L'attaque contre une prestigieuse compagnie de transport, par exemple, n'a aucune valeur militaire. Mais la notoriété de cette société et l'importance de son flux de passagers garantissaient un retentissement symbolique et médiatique. Voilà le vrai visage de cette guerre asymétrique : les terroristes, privés de victoire militaire, misent sur le spectacle macabre comme arme de substitution. Cette évolution impose un aggiornamento stratégique. La lutte armée reste indispensable, mais elle doit s'élargir à la protection des circuits vitaux de l'économie nationale : convois routiers, infrastructures, corridors commerciaux, exploitations agricoles, marchés et zones de production. L'objectif des ennemis est clair : installer le doute, fracturer la confiance, inciter les populations au désarroi. L'objectif du Mali doit être encore plus limpide : garantir coûte que coûte la liberté de circulation, protéger le travail et la vie quotidienne des citoyens.

La tâche ne saurait être uniquement militaire. Elle est aussi politique et sociale. Les dirigeants doivent rassurer, incarner la résilience et donner des réponses tangibles aux victimes. Chaque usine reconstruite, chaque bus escorté, chaque champ remis en culture doit être brandi comme une victoire nationale. La guerre asymétrique est aussi une guerre de perception : à la peur que distillent les djihadistes doit répondre une communication de plus en plus forte de l'État et des FAMa.

Les terroristes le savent : s'attaquer aux symboles fragiles ou mal protégés leur permet de se donner une illusion de puissance. L'enlèvement à Nioro de Thierno Amadou Hady Tall ou la prise en otages des membres de la famille du Chérif Mohamédou Ould Cheick Hamallah chef charismatique de la Hamawiyya Tidjaniyya illustrent leur volonté de désacraliser les figures charismatiques de l'islam soufi.

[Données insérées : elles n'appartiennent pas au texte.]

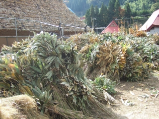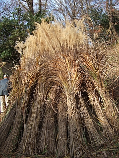 この日刈り取った茅が,今後の屋根葺き替え作業で使われます。
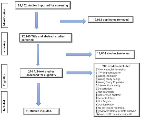 Studies were deemed eligible for inclusion in this scoping review if they addressed the prevalence and correlates of depression or anxiety among health science students. The search was limited to English language original studies, peer-reviewed quantitative articles, and studies in which study participants were not tertiary, university, college, or medical students. Papers were also excluded if they were case reports, meta-analyses, systematic reviews, interventional studies or outcomes, commentaries, editorials, opinion pieces, or grey literature, including graduate student theses, non-peer-reviewed studies, non-research articles or conference reports or opinion pieces, commentaries, and editorials. The search was limited by publication year, from 2017 to 2022. This 6-year timeframe was selected to provide a contemporary overview of recent evidence while ensuring a sufficient volume of literature to map key prevalence and correlates. Two researchers independently reviewed citations during the title, abstract screening, and full-text review phases, and conflict was resolved through discussion and consensus. A total of 276 articles were initially identified for full-text review. After a thorough assessment, 205 articles were excluded, including 86 non health science students leaving a final selection of 71 articles for the comprehensive review. The PRISMA flow diagram summarizes this information in detail (Figure 1).
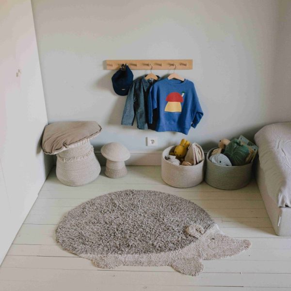 Poczuj się jak w lesie otoczonym grzybami dzięki dywanowi Jeż. Starannie wykonany bawełniany dywan w kształcie jeża w naturalnych kolorach i jasnych brązach, z długim włosiem i puszystą teksturą, która symuluje pióra jeża. Do ciała dodano łatkę przypominającą ucho z dodatkową objętością, którą można podnieść, oraz oko wykonane z plecionych węzłów. Dzięki swoim ziemistym kolorom, dywan ten dodaje odrobinę rustykalnego uroku do każdego pomieszczenia.
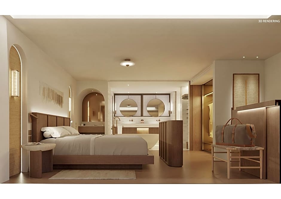 This spacious suite is consisted of of 1 living room, 1 separate bedroom and 1 bathroom with a shower and bathrobes. The suite offers soundproof walls, a mini-bar, a tea and coffee maker, a TV with streaming services, as well as sea views. The unit offers 1 bed.
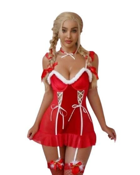 هنادي - قميص نوم تنكرى الكريسماس بخامة قطيفه ناعمة – مقاس وان سايز يناسب حتى 80 كيلو – HN 9041، مقاس واحد
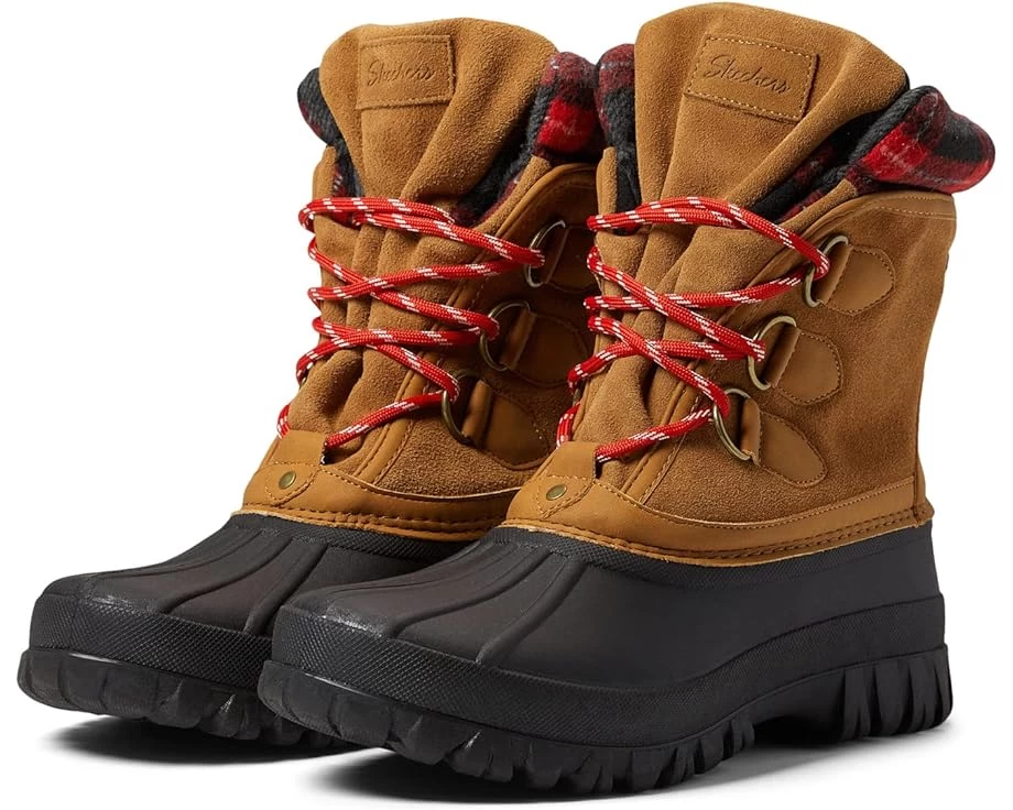 These SKECHERS® Windom – Plaid Town Winter and Snow Boots keep you warm and dry during the snowy weather.SKU: #9560490Water-resistant suede and synthetic upper.Skechers® Warm Tech Memory Foam™ insole.Textile lining.D-ring eyelets with lace-up closure.Gusseted tongue for protection against dirt and dust.Pull tab at the back for easy on/off.Signature brand label at the side.Rubber outsole.Imported.Product measurements were taken using size 9, width B – Medium. Please note that measurements may vary by size.Weight of footwear is based on a single item, not a pair.Measurements:

C'est là une fenêtre dangereuse qu'il faut rapidement fermer, en sanctuarisant les Zawiyya partout au Mali et en les rendant inaccessibles aux coups de boutoir des "fous de Dieu".

La réponse doit être ferme, rapide et fatale. L'armée malienne a déjà montré sa capacité à rendre coup pour coup, en poursuivant l'offensive jusque dans les repaires ennemis. Cette stratégie s'avère payante et doit être amplifiée. Le peuple malien, solidaire de ses forces armées, doit rester debout. L'armée, digne héritière d'une longue tradition de résistance, n'a pas le droit de céder.

Car l'enjeu dépasse la seule lutte contre le terrorisme : il s'agit d'un combat existentiel pour la liberté de circuler, de travailler, de prier, de vivre.

Aucun champ, aucune route, aucun bateau, aucun bus, aucun lieu de savoir et de spiritualité ne doit être abandonné à des individus égarés. Le Mali appartient aux Maliens. Sa souveraineté ne se négocie pas, elle s'impose.

Les terroristes frappent non parce qu'ils dominent, mais parce qu'ils reculent. Et la suite de la riposte malienne dira au monde entier que ce pays, debout et uni, ne pliera pas.